Intense Gamma-Ray Lines from Hidden Vector Dark Matter Decay

TL;DR

This paper explores how hidden vector dark matter decays produce observable gamma-ray lines, linking theoretical decay mechanisms with potential signals detectable by gamma-ray telescopes like Fermi-LAT.

Contribution

It introduces a model where dark matter decay via dimension six operators leads to gamma-ray lines, connecting custodial symmetry breaking to observable cosmic signatures.

Findings

Gamma-ray lines from dark matter decay could be observed by Fermi-LAT.

Relic density constraints are compatible with the decay mechanism.

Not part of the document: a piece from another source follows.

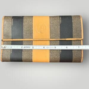 Vintage Fendi Pequin Stripe Canvas & Leather Wallet
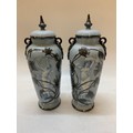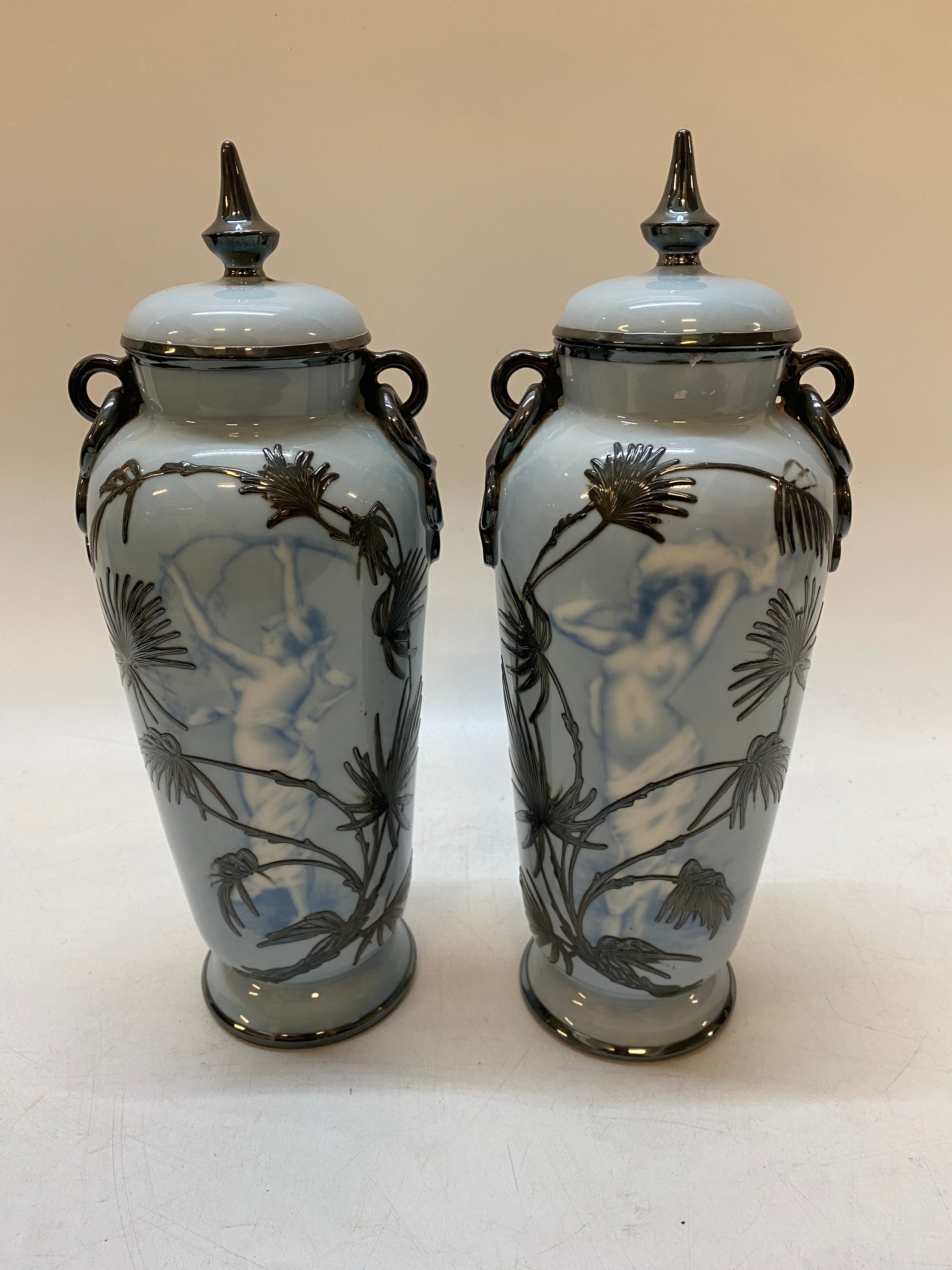 A pair of Rosenthal Copenhagen pate sur pate style vases and covers decorated with semi nude females and applied handles and flower and leaf decoration to the bodies - 11in. high

Direct detection rates are within current experimental sensitivities.

Abstract

Scenarios with hidden, spontaneously broken, non-abelian gauge groups contain a natural dark matter candidate, the hidden vector, whose longevity is due to an accidental custodial symmetry in the renormalizable Lagrangian. Nevertheless, non-renormalizable dimension six operators break the custodial symmetry and induce the decay of the dark matter particle at cosmological times. We discuss in this paper the cosmic ray signatures of this scenario and we show that the decay of hidden vector dark matter particles generically produce an intense gamma ray line which could be observed by the Fermi-LAT experiment, if the scale of custodial symmetry breaking is close to the Grand Unification scale. This gamma line proceeds directly from a tree level dark matter 2-body decay in association with a Higgs boson. Within this model we also perform a determination of the relic density constraints taking into account the dark matter annihilation processes with one dark matter particle in the final state. The corresponding direct detection rates can be easily of order the current experimental sensitivities.